◆ Assigned task ◆
Reproduce each line, exactly, from the one containing "HOSTA HOMES Blue" through the end of the material. Exclude pictures.

◆ Given data ◆

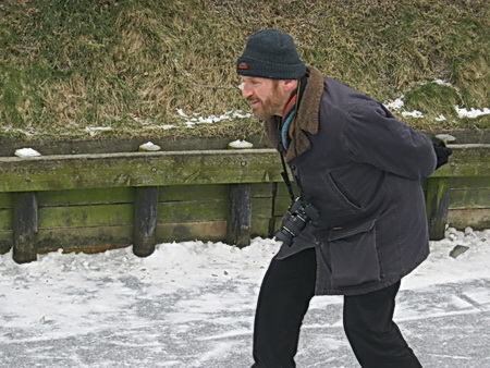 Broer Hemmo kan de verleiding niet weerstaan, hij wil per se even schaatsen.... Bejaard talent, toch stijlvol!
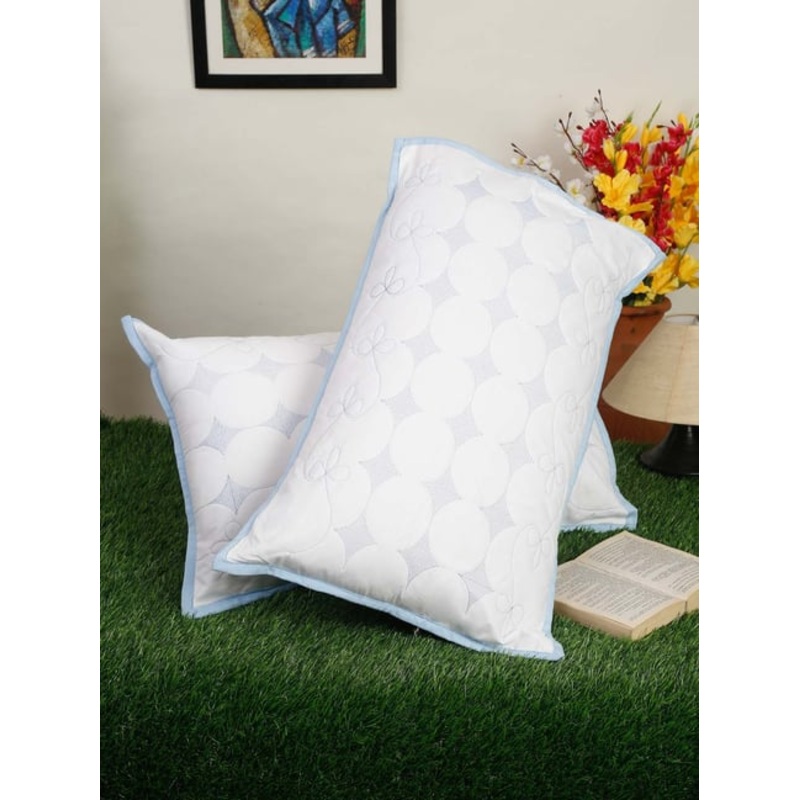 HOSTA HOMES Blue & White Cotton 140 TC ‘Zipped’ Pillow Covers – Set of 2
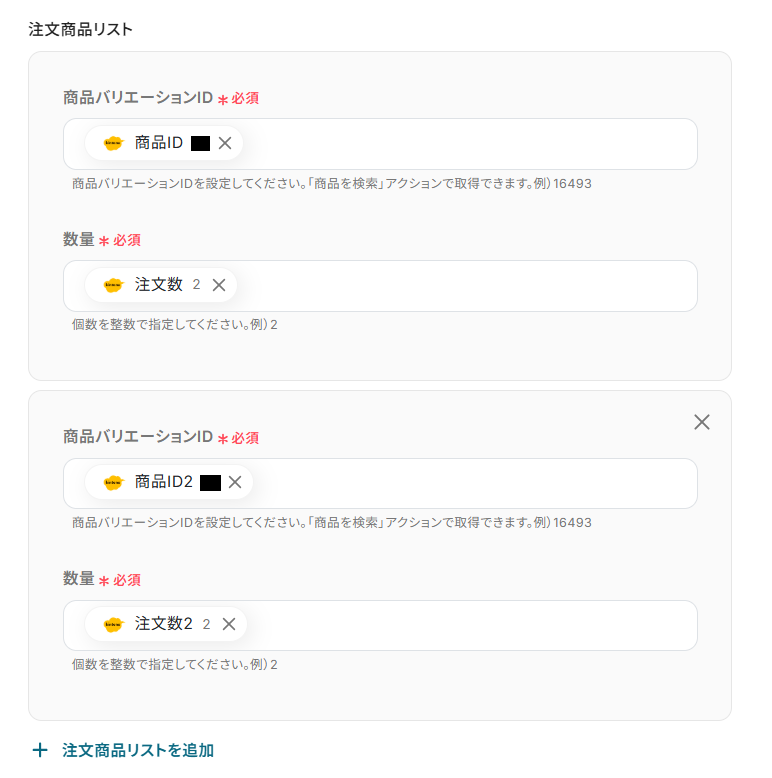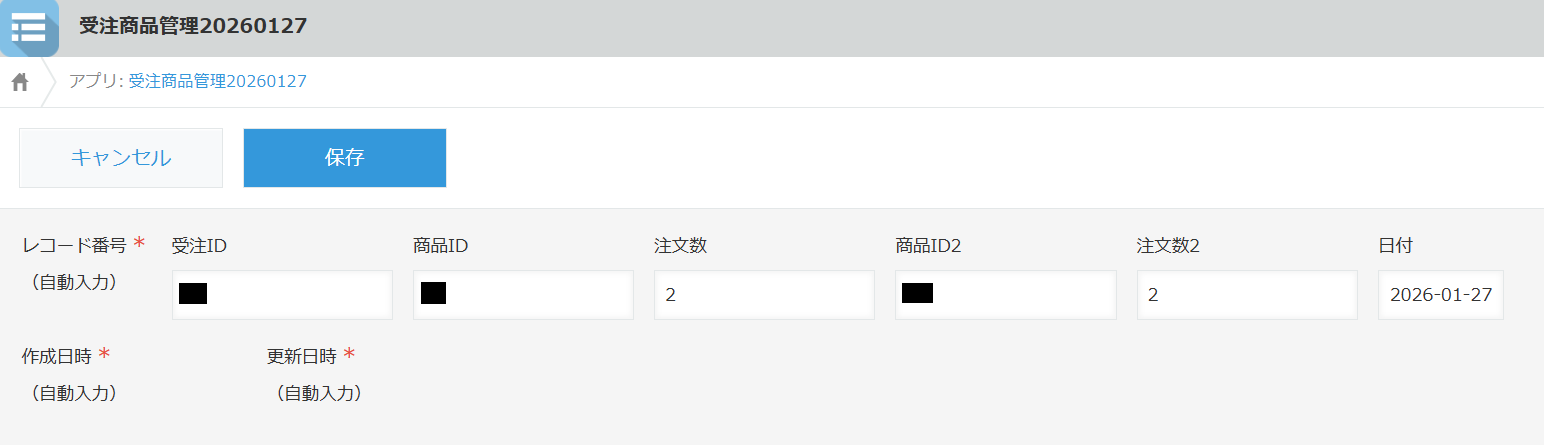 また、追加したい商品数に合わせてkintoneのアプリにも、名称に注意しながら商品IDと数量を追加してください。
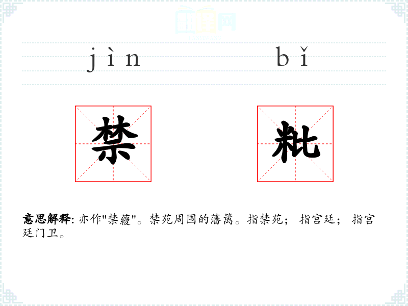 亦作"禁蘰"。禁苑周围的藩篱。指禁苑; 指宫廷; 指宫廷门卫。

◆ Answer below ◆
 HOSTA HOMES Blue & White Cotton 140 TC ‘Zipped’ Pillow Covers – Set of 2
 また、追加したい商品数に合わせてkintoneのアプリにも、名称に注意しながら商品IDと数量を追加してください。
 亦作"禁蘰"。禁苑周围的藩篱。指禁苑; 指宫廷; 指宫廷门卫。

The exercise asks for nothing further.